Cheese Tortellini Soup by Andrea McCoy. Photo by Jill St. George.

There’s just something about soup. It wraps you up like a big bear hug and warms you from the inside out. I love the simple rhythm of making soup. First the chopping, then the stirring, until finally it’s time to ladle up bowls and pass them around the table.

As the leaves begin to shimmer in shades of red, orange and yellow and the days shorten, beginning their slow and steady descent toward winter, soup season begins. It is a comforting welcome.
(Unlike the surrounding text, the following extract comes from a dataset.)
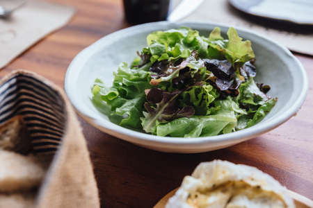 Fresh green lettuce salad in ceramic plate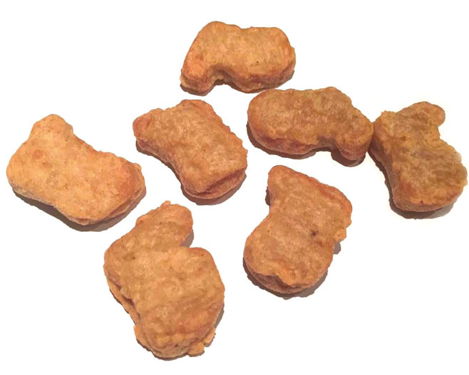 Oordeel: Nuggy kip lekker, tok of the town’, staat er op de verpakking, maar deze taaie en smaakloze kiprakkers scoren een nipte voldoende.

My favorite fall soup recipe is a riff on minestrone. That’s the beauty of soup: it doesn’t usually require precise ingredients. It leaves room to swap and experiment.
So go ahead, test out this quick and easy cheese tortellini soup recipe, then make it your own. Swap kale for spinach and throw in some zucchini or potatoes.

Cheese Tortellini Soup
•    1 lb. pork Italian sausage
•    1 medium sweet or yellow onion, chopped
•    3 carrots, chopped
•    3 stalks celery, chopped
•    3 cloves garlic, chopped
•    1 tablespoon olive oil
•    1-28 oz. can San Marzano diced tomatoes (any diced tomatoes work, but San Marzano really do make a difference)
•    2 tablespoons balsamic vinegar
•    2 tablespoons honey
•    3-32 oz. boxes chicken stock (12 cups)
•    1 box cheese or pesto tortellini
•    1-6 oz. bag of spinach
•    Salt and pepper to taste

In a large stock pot (think 6 to 8 quarts — this recipe makes a big pot of soup) brown the Italian sausage until cooked through. Set meat aside. In the same pot, drizzle in olive oil, toss in veggies and sauté until the onion is soft and translucent. Salt and pepper the vegetables. Add garlic and sauté for two more minutes. Add tomatoes, Italian sausage, balsamic vinegar and honey. Stir to combine. Add chicken stock and tortellini. Bring soup to a slow boil, stirring often until tortellini have plumped up and cooked through. Stir in spinach and let simmer on low, stirring often, until ready to serve. It’s important to stir and taste, stir and taste to make sure the broth is rich and flavorful.
I serve this soup with crusty bread, a sprinkle of salty parmesan cheese and a glass of hearty cabernet sauvignon. On that first cold night in fall, when the leaves are blowing around and you have to dig to find your favorite forgotten sweatshirt, this is the perfect recipe for dinner. … A warm hug on a cool night.